DATA PROVIDED
****************
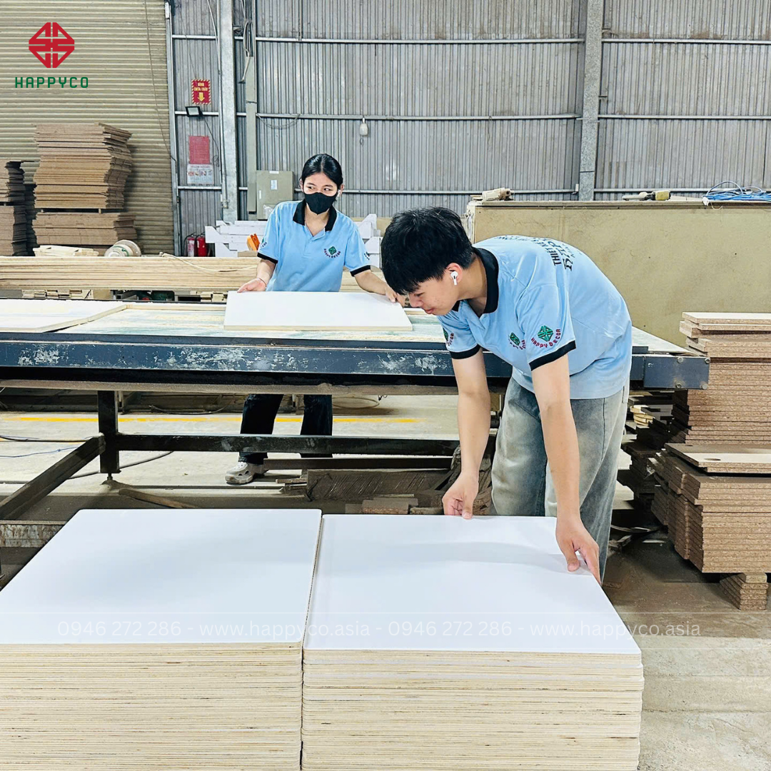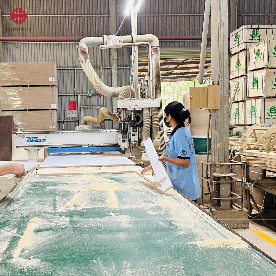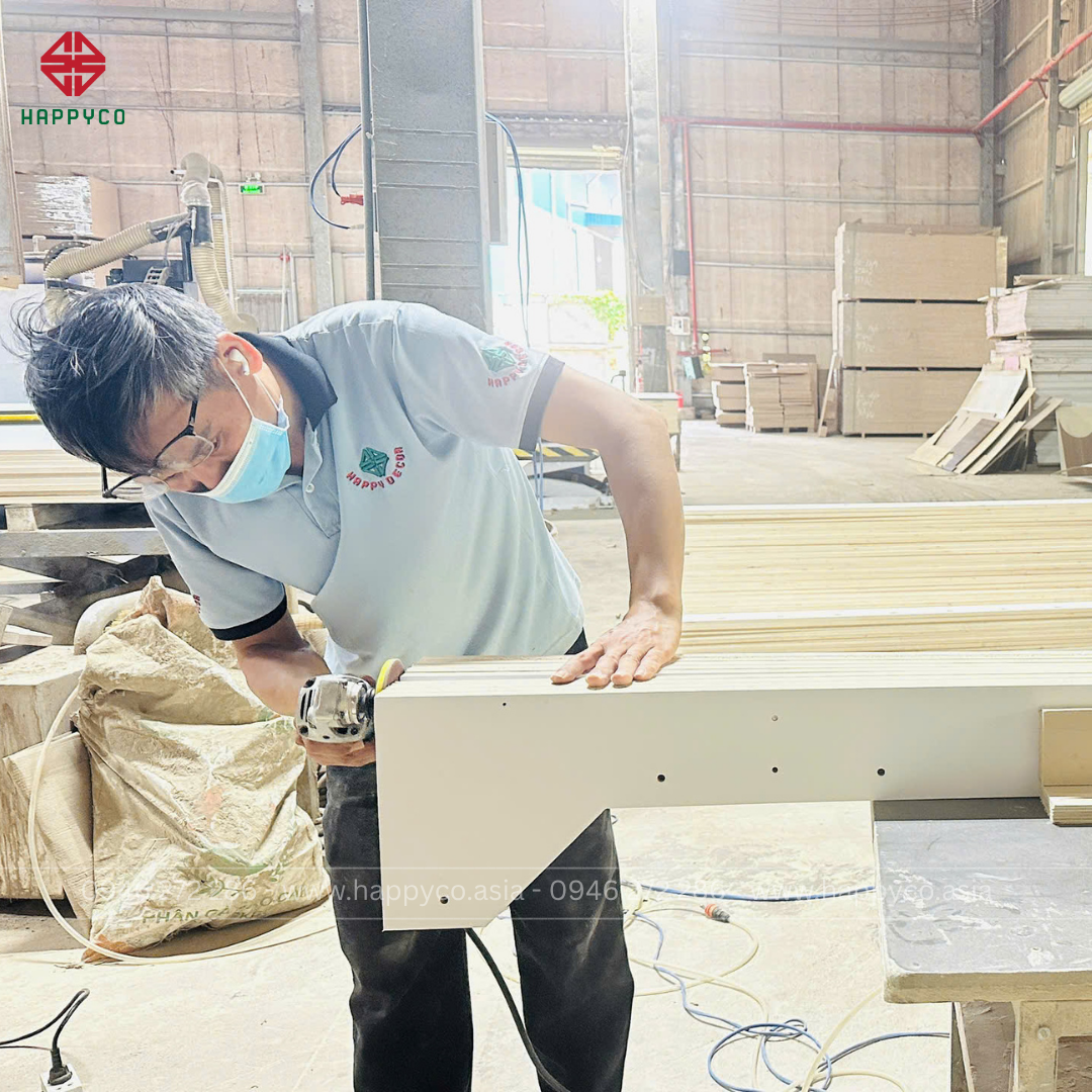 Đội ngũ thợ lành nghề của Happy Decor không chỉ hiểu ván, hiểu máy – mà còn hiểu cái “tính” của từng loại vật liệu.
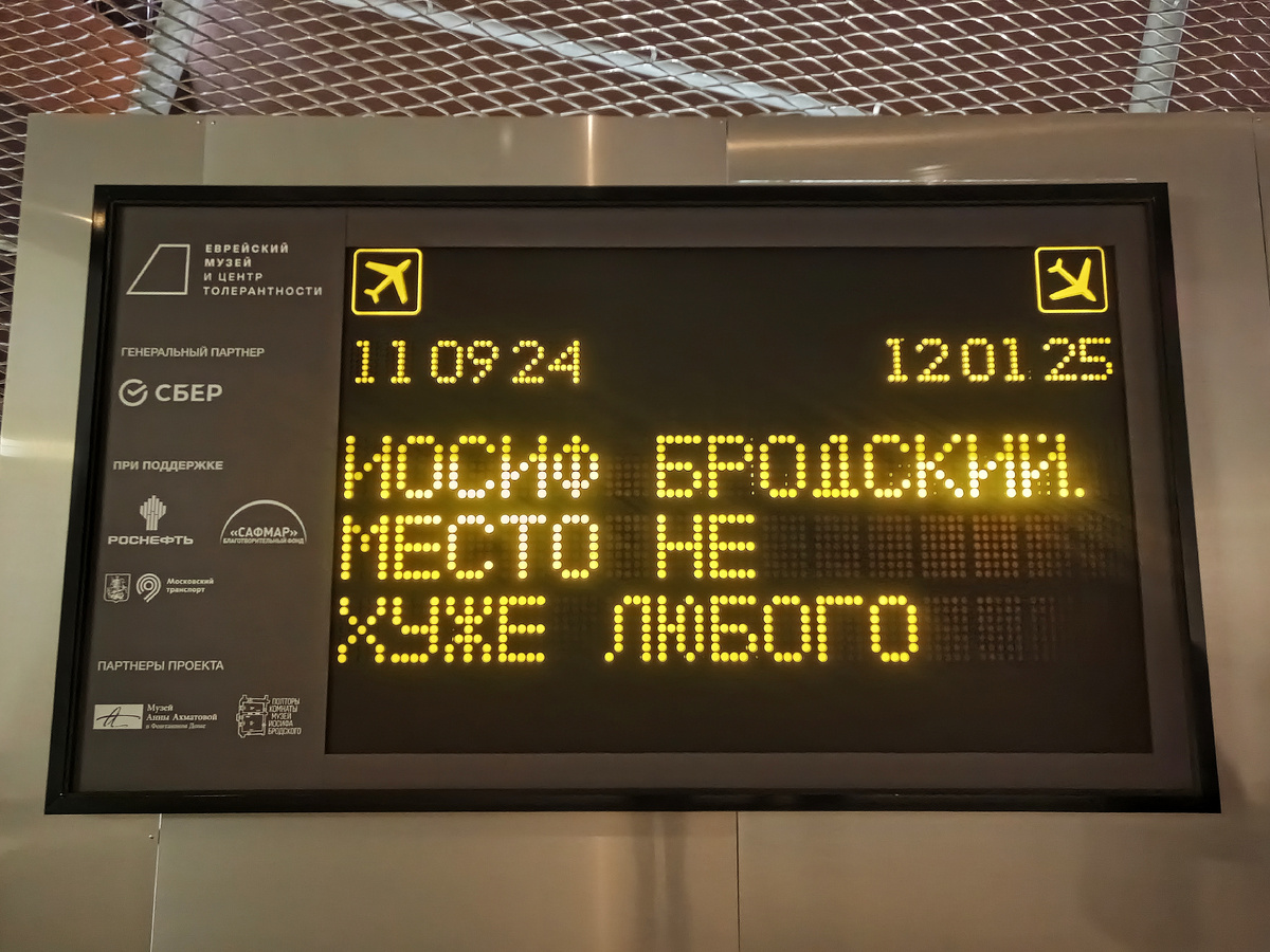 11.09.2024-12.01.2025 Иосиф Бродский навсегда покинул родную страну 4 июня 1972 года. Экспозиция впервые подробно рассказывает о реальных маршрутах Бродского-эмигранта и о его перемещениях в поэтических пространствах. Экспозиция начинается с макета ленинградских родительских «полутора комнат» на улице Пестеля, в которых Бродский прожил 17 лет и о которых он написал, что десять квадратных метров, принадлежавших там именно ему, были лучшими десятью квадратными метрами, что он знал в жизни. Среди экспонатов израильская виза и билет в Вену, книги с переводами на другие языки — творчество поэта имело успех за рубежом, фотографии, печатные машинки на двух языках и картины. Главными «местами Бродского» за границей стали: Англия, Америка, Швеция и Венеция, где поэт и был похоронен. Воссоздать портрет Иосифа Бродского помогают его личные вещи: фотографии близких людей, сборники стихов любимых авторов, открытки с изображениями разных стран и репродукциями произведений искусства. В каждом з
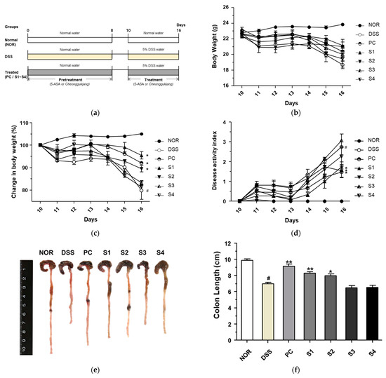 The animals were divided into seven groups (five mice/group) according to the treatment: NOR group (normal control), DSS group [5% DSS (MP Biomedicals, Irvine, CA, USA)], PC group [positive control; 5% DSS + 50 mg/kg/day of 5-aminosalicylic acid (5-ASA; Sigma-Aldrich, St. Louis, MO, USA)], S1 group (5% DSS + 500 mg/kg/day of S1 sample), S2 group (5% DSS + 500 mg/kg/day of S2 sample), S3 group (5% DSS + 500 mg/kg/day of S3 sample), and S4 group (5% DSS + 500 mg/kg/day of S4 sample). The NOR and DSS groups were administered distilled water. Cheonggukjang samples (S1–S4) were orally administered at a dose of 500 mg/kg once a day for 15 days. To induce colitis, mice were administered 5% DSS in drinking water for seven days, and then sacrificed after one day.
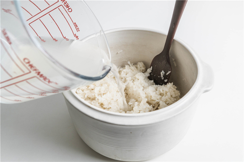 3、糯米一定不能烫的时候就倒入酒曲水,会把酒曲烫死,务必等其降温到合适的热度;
****************
PROBLEM
Strip out the pictures and repeat the listing above exactly.

RESULT OF THE EXERCISE
 Đội ngũ thợ lành nghề của Happy Decor không chỉ hiểu ván, hiểu máy – mà còn hiểu cái “tính” của từng loại vật liệu.
 11.09.2024-12.01.2025 Иосиф Бродский навсегда покинул родную страну 4 июня 1972 года. Экспозиция впервые подробно рассказывает о реальных маршрутах Бродского-эмигранта и о его перемещениях в поэтических пространствах. Экспозиция начинается с макета ленинградских родительских «полутора комнат» на улице Пестеля, в которых Бродский прожил 17 лет и о которых он написал, что десять квадратных метров, принадлежавших там именно ему, были лучшими десятью квадратными метрами, что он знал в жизни. Среди экспонатов израильская виза и билет в Вену, книги с переводами на другие языки — творчество поэта имело успех за рубежом, фотографии, печатные машинки на двух языках и картины. Главными «местами Бродского» за границей стали: Англия, Америка, Швеция и Венеция, где поэт и был похоронен. Воссоздать портрет Иосифа Бродского помогают его личные вещи: фотографии близких людей, сборники стихов любимых авторов, открытки с изображениями разных стран и репродукциями произведений искусства. В каждом з
 The animals were divided into seven groups (five mice/group) according to the treatment: NOR group (normal control), DSS group [5% DSS (MP Biomedicals, Irvine, CA, USA)], PC group [positive control; 5% DSS + 50 mg/kg/day of 5-aminosalicylic acid (5-ASA; Sigma-Aldrich, St. Louis, MO, USA)], S1 group (5% DSS + 500 mg/kg/day of S1 sample), S2 group (5% DSS + 500 mg/kg/day of S2 sample), S3 group (5% DSS + 500 mg/kg/day of S3 sample), and S4 group (5% DSS + 500 mg/kg/day of S4 sample). The NOR and DSS groups were administered distilled water. Cheonggukjang samples (S1–S4) were orally administered at a dose of 500 mg/kg once a day for 15 days. To induce colitis, mice were administered 5% DSS in drinking water for seven days, and then sacrificed after one day.
 3、糯米一定不能烫的时候就倒入酒曲水,会把酒曲烫死,务必等其降温到合适的热度;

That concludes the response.